The Court held that GMCL was not required to deliver a disclosure document to dealers prior to their execution of the WDA for two reasons.

First, the WDA was not a “franchise agreement or any other agreement relating to the franchise” for purposes of the disclosure obligations at section 5(1) of the Wishart Act. This phrase refers only to agreements that change a prospective franchisee’s legal position so as to become a franchisee, and ancillary agreements signed at that time. The WDA did the opposite: it changed the dealers’ legal position to no longer be GMCL franchisees.

Second, only a “prospective franchisee” is entitled to receive a disclosure document under section 5(1) of theWishart Act. A prospective franchisee is one that has not yet signed a franchise agreement.

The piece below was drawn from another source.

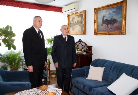 A Szabolcs-Szatmár-Bereg Megyei Rendőr-főkapitányság vezetője személyesen köszöntötte fel Szabó Imre nyugállományú r. ezredes Urat.

The dealers that signed the WDA were not prospective franchisees, and were therefore not entitled to receive a disclosure document.

  • Class action releases:

The WDA release prohibited the dealers from commencing a class proceeding relating to the released claims, and required dealers to opt out from any such proceeding. GMCL asserted by counterclaim that the each dealer Class Member breached that provision of the release by commencing the class action and/or failing to opt out.

The Court dismissed GMCL’s counterclaim, finding that the prohibition on the commencement of a class action offended the franchisees’ right to associate under section 4 of the Wishart Act. The court also held that the prohibition was void for public policy reasons because class proceedings play an important role in Canadian society. In the result, the WDAs could not preclude a class action, but the release provided GMCL with a defence to that class action.

It remains to be seen how Trillium can be reconciled with the recent Ontario Superior Court of Justice decision in1146845 Ontario Inc v Pillar to Post Inc.,5 where a proposed franchise class action was dismissed on the basis that the language of an arbitration clause precluded class proceedings. Any appeal of Trillium to the Ontario Court of Appeal may eventually provide guidance on this issue.